(What you need to do):
Without the pictures, write out all the lines below exactly as they appear.

(Provided material):
========================

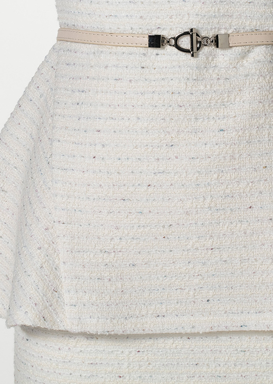 サイドフレアのロングペプラムでお腹まわりをカバーし、ベルトでウエストを作る。
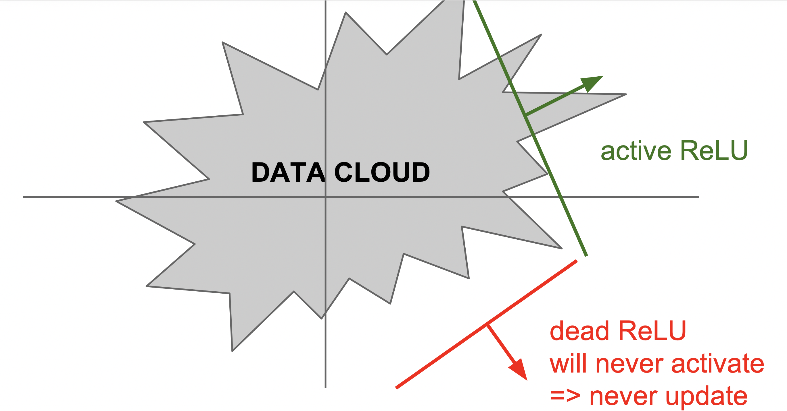 什么时候会 “挂掉” 呢?以此示意图解释,设上层 l-1 层输出值 \((o_1^{l-1}, o_2^{l-1},\cdots)\) 是二维空间的点,所有训练数据对应的点构成一片 data cloud。一个训练数据 l-1 层输出值 \(o^{l-1}\) 经过权重的线性组合得到 \(a_j^l\),要看它大于还是小于 0,就是看它在 cloud 中对应点落在直线的哪边(直线位置是权重决定的)。如果不巧直线正好落在 cloud 外,这样无论拿什么训练数据训练就都无法更新了,即 “挂掉” 永不更新。在参数更新的过程中,难免会不小心训练出这种不巧的权重(例如优化器不太稳定时,如学习率太高),而一旦发生这个意外,后果还是很严重的。
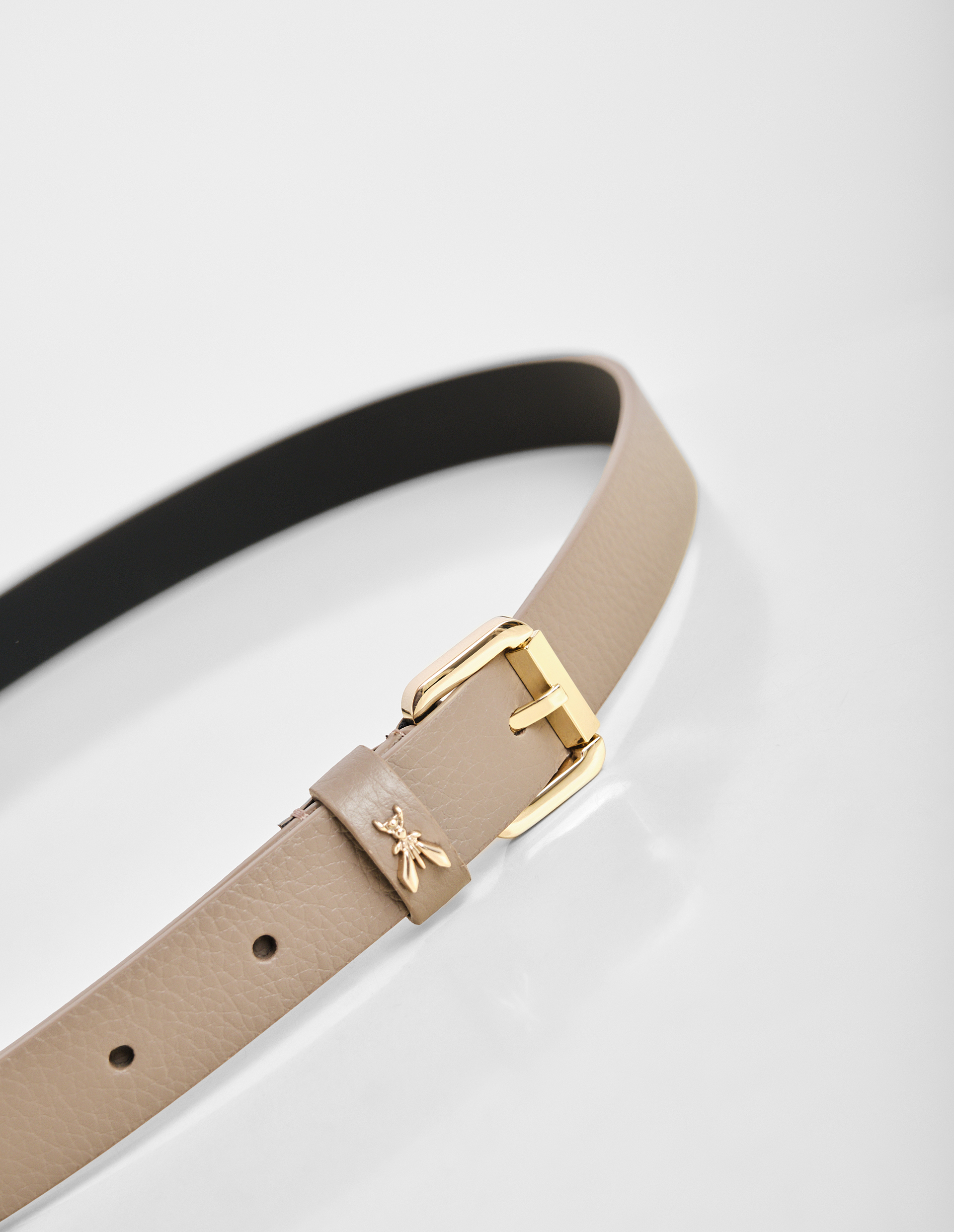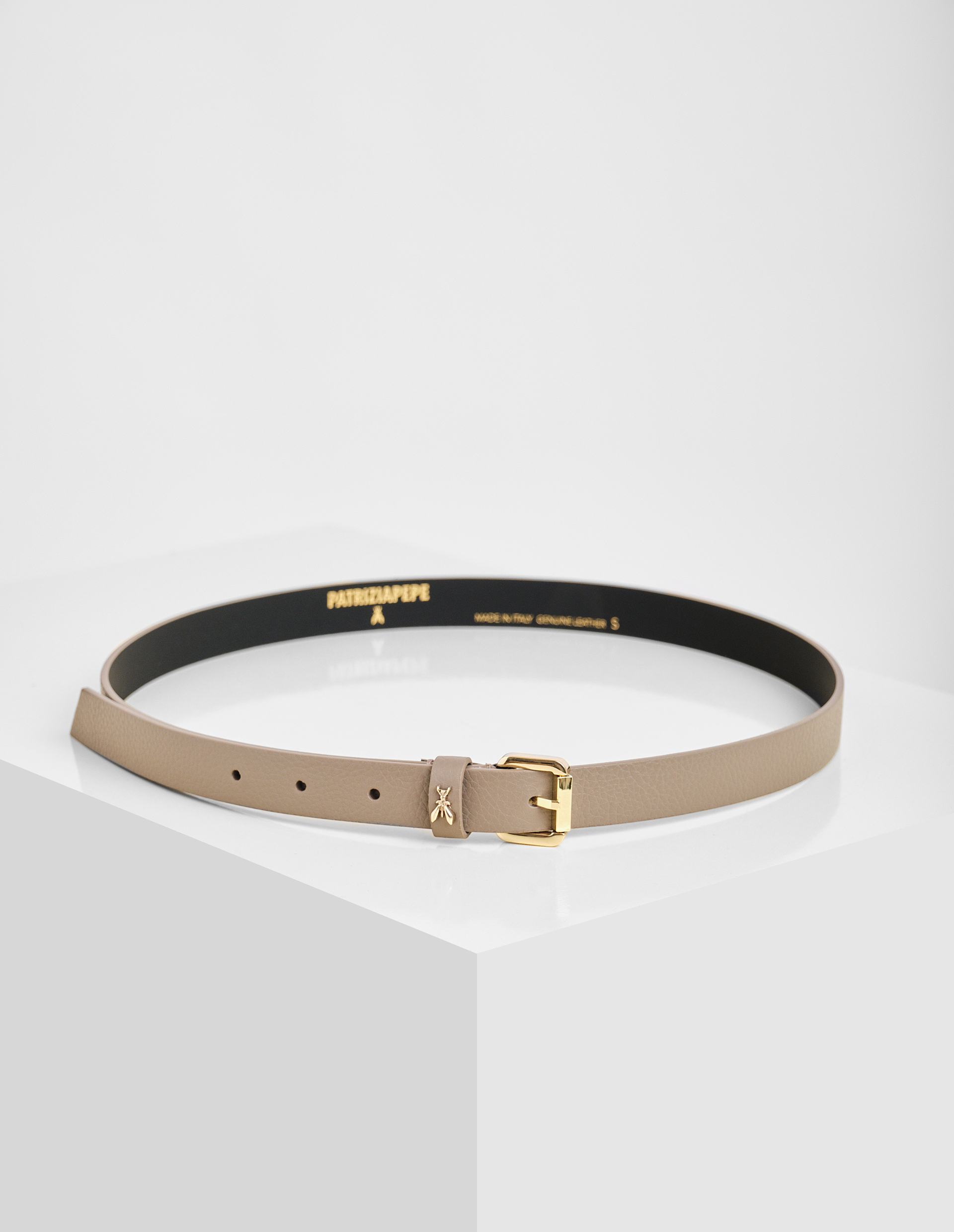 Изящная классика. Тонкий ремень из бледно-серой зернистой кожи добавляет образам нежность и легкость. Золотистая пряжка превосходно сочетается с теплым оттенком бежевого. Маленькая мушка становится стильной акцентной деталью, притягивающей внимание. Внутренняя сторона ремня выполнена в черном цвете и украшена золотым логотипом. Идеально для романтичных летних платьев, длинных сарафанов, легких блуз или кардиганов.

========================

(Solved problem):
 サイドフレアのロングペプラムでお腹まわりをカバーし、ベルトでウエストを作る。
 什么时候会 “挂掉” 呢?以此示意图解释,设上层 l-1 层输出值 \((o_1^{l-1}, o_2^{l-1},\cdots)\) 是二维空间的点,所有训练数据对应的点构成一片 data cloud。一个训练数据 l-1 层输出值 \(o^{l-1}\) 经过权重的线性组合得到 \(a_j^l\),要看它大于还是小于 0,就是看它在 cloud 中对应点落在直线的哪边(直线位置是权重决定的)。如果不巧直线正好落在 cloud 外,这样无论拿什么训练数据训练就都无法更新了,即 “挂掉” 永不更新。在参数更新的过程中,难免会不小心训练出这种不巧的权重(例如优化器不太稳定时,如学习率太高),而一旦发生这个意外,后果还是很严重的。
 Изящная классика. Тонкий ремень из бледно-серой зернистой кожи добавляет образам нежность и легкость. Золотистая пряжка превосходно сочетается с теплым оттенком бежевого. Маленькая мушка становится стильной акцентной деталью, притягивающей внимание. Внутренняя сторона ремня выполнена в черном цвете и украшена золотым логотипом. Идеально для романтичных летних платьев, длинных сарафанов, легких блуз или кардиганов.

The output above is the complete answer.